Willem van der Poel
|Willem Louis van der Poel|
|Born||2 December 1926
|Institutions||Delft University of Technology|
|Alma mater||Delft University of Technology, University of Amsterdam|
|Known for||Designing the ZEBRA computer|
Willem Louis van der Poel (2 December 1926, The Hague) is a pioneering Dutch computer scientist, who is known for designing the ZEBRA computer. In 1950 he obtained an engineering degree in applied science at Delft University of Technology. In 1956 he obtained his PhD degree from the University of Amsterdam. The title of his PhD thesis was The Logical Principles of Some Simple Computers. From 1950 until 1967 he worked for the Dutch PTT, and from 1962 till 1988 was (part time) professor at Delft University of Technology. He was also the first chairman of IFIP Working Group 2.1 on ALGOL, from 1962 to 1968.
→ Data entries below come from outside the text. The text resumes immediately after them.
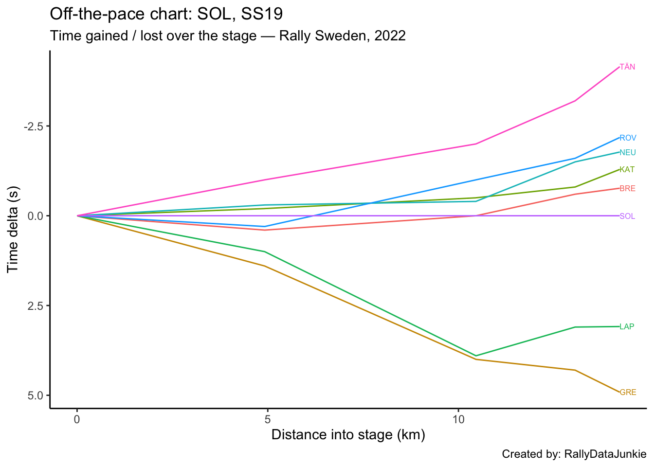 SOL’s delta in time to complete each split section compared to other drivers: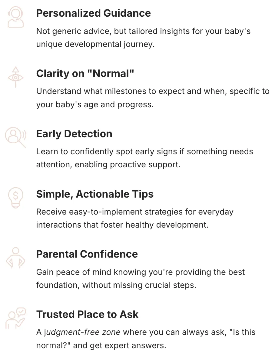 Confident Beginnings gives specialist-backed virtual guidance to catch red flags early, understand what's actually normal, and stop second-guessing every milestone.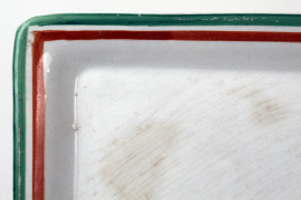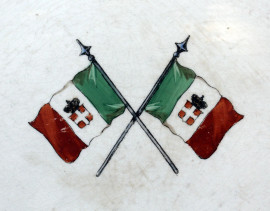 Vassoio Richard-Ginori con doppia bandiera del Regno d'Italia, cm 32,5x23,5, (difetti e resaturi).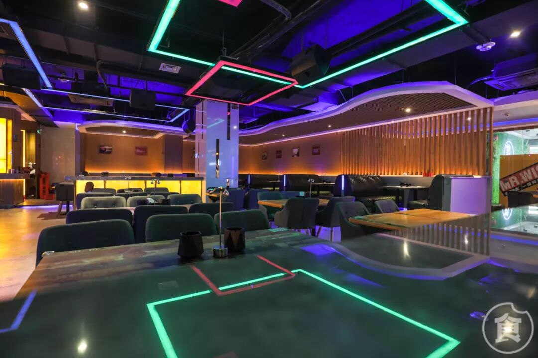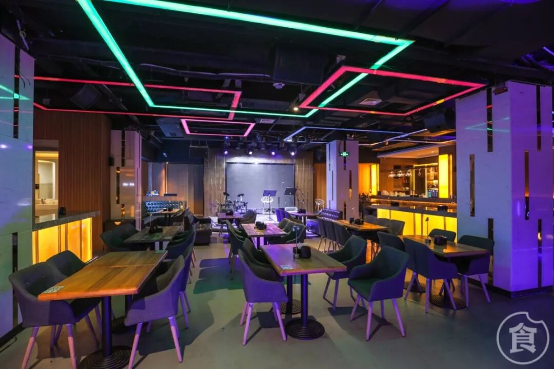 穿过迷幻的走廊,走进音乐餐吧,大气低调奢靡的色调映入眼帘。很喜欢店里彩色的霓虹灯饰,让空间更具时尚感。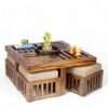 Ikiriya Palladio Sheesham Wood Accent Coffee Table Set with 4 Stools in Teak Finish with Jute Beige Cushions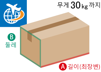 서류…B4용지 약 150장 = 약 1kg 편지…봉투+편지 1장 = 약 10g 엽서 1장…약 5g 짐 (소포) 1박스 (M사이즈) = 최대 약20kg 인쇄물…문고 (270 페이지) = 약 150g, 잡지 = 약 600g 위의 수치는 기준을 위한 것이므로 참고로 봐 주시기 바랍니다.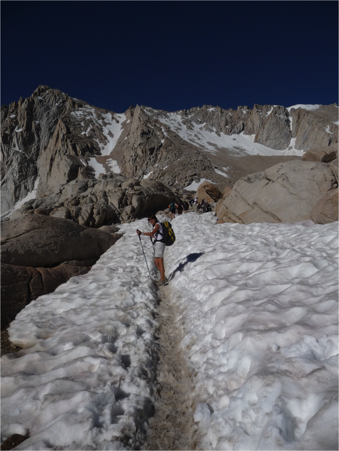 The gritty part about getting to Trail Crest lies in climbing up the “99 Switchbacks”, but how many there actually are depends on when you start counting and what constitutes a switchback. We counted 107 the year prior, and others have adamantly claimed 97. I guess 99 is just a great number to remember and recite. You know you’ve bested the switchbacks when you reach the cable that helps hikers cross an otherwise treacherous slab area just below Trail Crest. When we arrived at that point on the morning of July 4th, there was considerable snow forming a large cornice that made crossing a matter of leaning away from the hill while gripping the cable, with nothing but open drop below us. We saw several people turn back rather than cross that spot.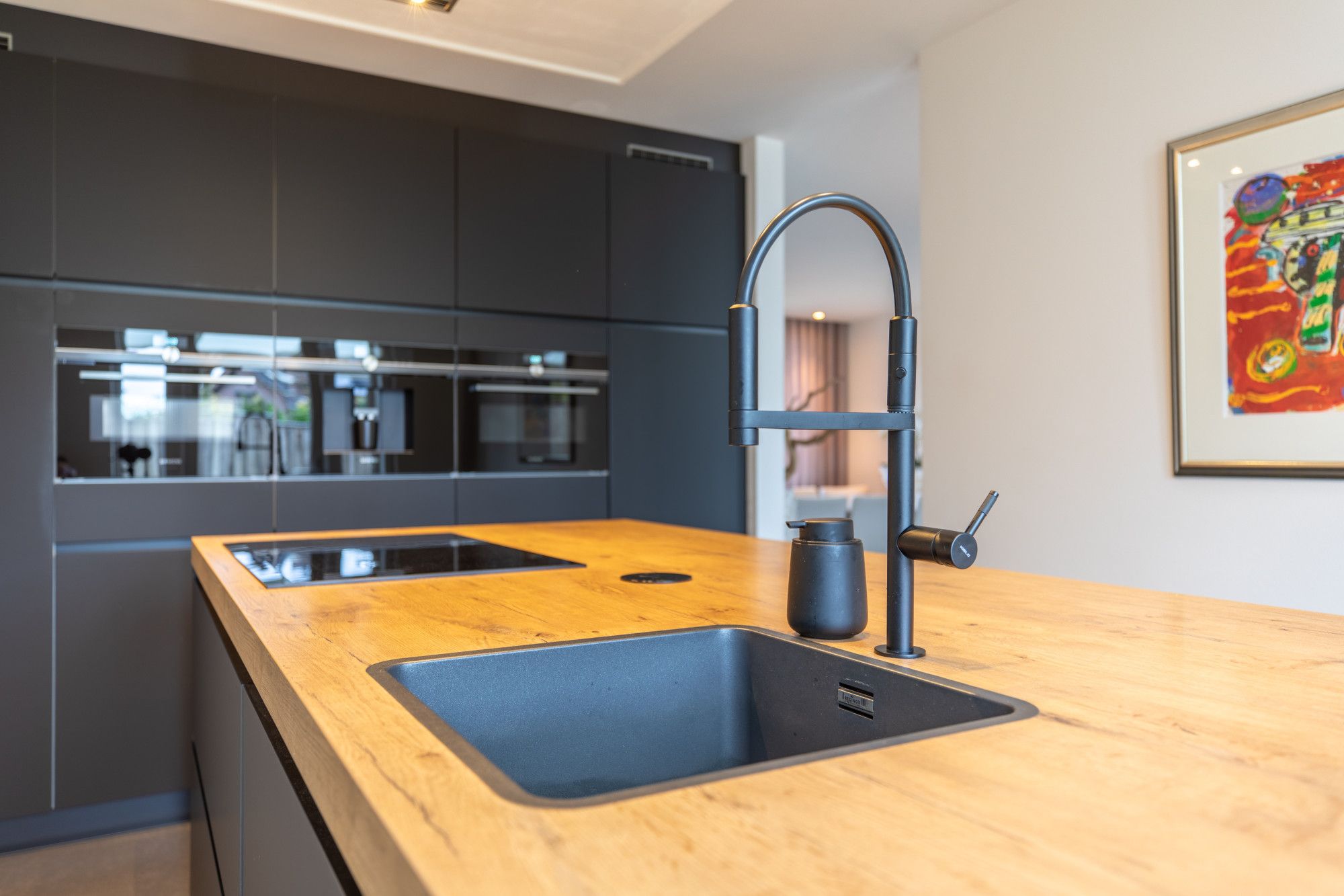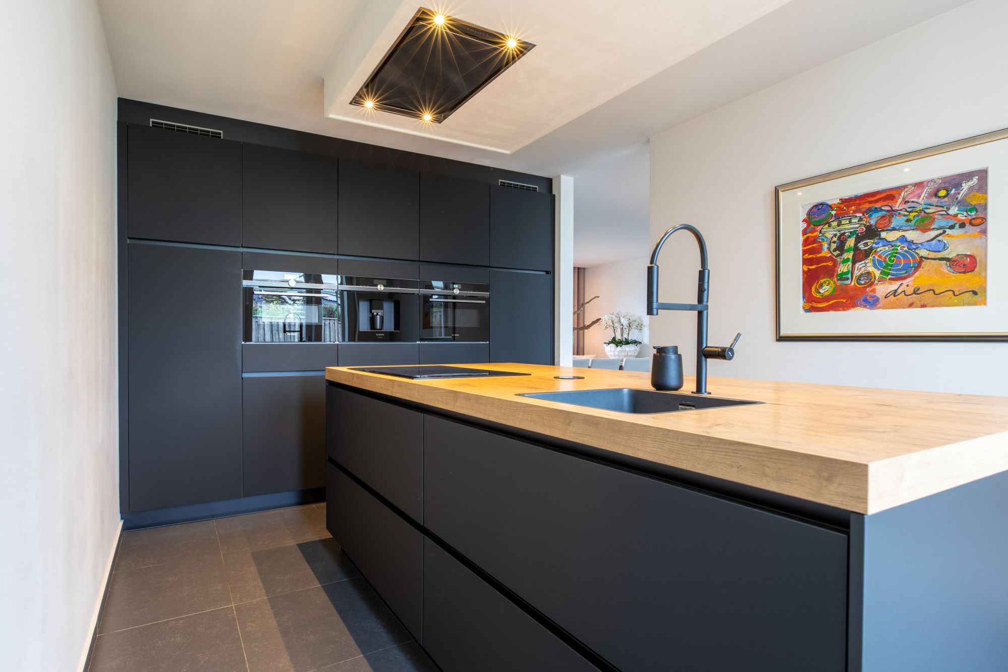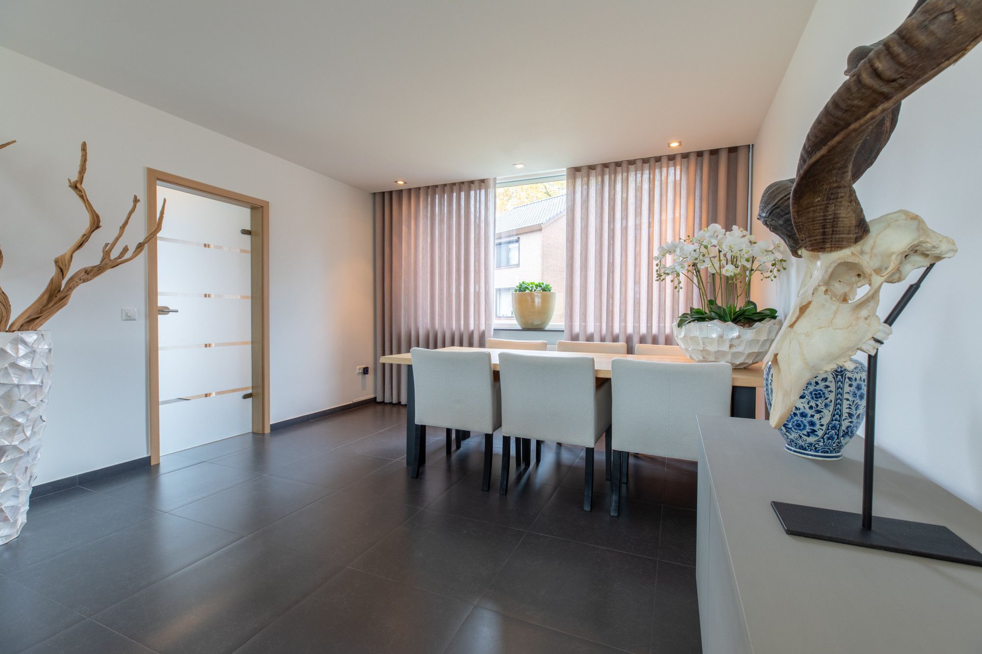 Via de ruime ontvangsthal, met aangrenzend de meterkast, het gastentoilet en de garderobe/ berging, gaat u naar de woonkamer. De woonkamer is circa 8,20m x 3,89m groot en heeft aan de achterzijde een grote schuifpui naar de tuin. De keuken is ingericht met een schitterende keuken voorzien van alle gewenste apparatuur.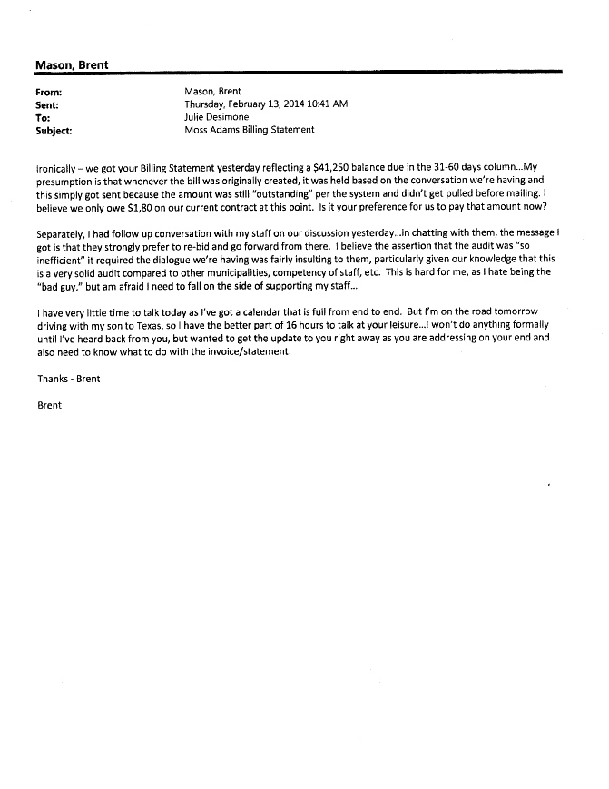 The firing of the accounting firm of Moss Adams mid contract raised questions as to why? Per public request act, we asked for the emails of all correspondence between Moss Adams and Chief Financial Officer Brent Mason. The first, shows what appears to be a rather annoyed Brent Mason, when responding to Moss Adams billed amount of $41.250 to the City of Riverside. Mason responds by questioning the $41,250.00, and states his current records shows the City to owe $1.80. Mason ask if Moss Adams would like the $1.80 paid immediately? Did Moss Adams offend Mr. Mason?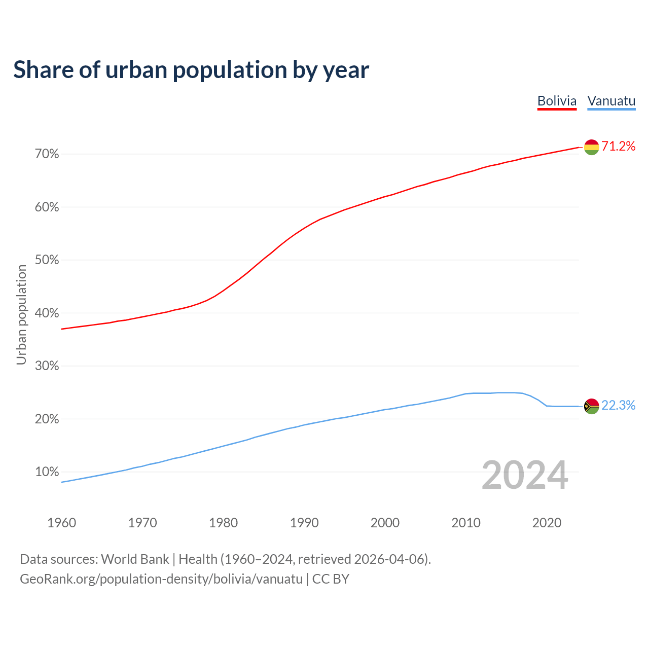 From 2004 to 2024, the share of urban population changed from 63.8% to 71.2% in Bolivia and from 22.7% to 22.3% in Vanuatu.

Van der Poel is primarily known as a Dutch computer pioneer, designer of Testudo, the PTERA, the ZERO, and the ZEBRA computer. He also contributed to Algol 68 and LISP for the ZEBRA. He is said to be the originator of the Zero One Infinity rule, which suggests that software designs should not impose arbitrary limits on the number of instances of a particular entity: if more than a single instance of it is to be allowed, then the collection size should be without fixed limit.
Since 1971 he is a member of the Royal Netherlands Academy of Arts and Sciences (KNAW). In 1960 he received, together with H. Mol, the Visser-Neerlandia prize for the construction of a Braille translator.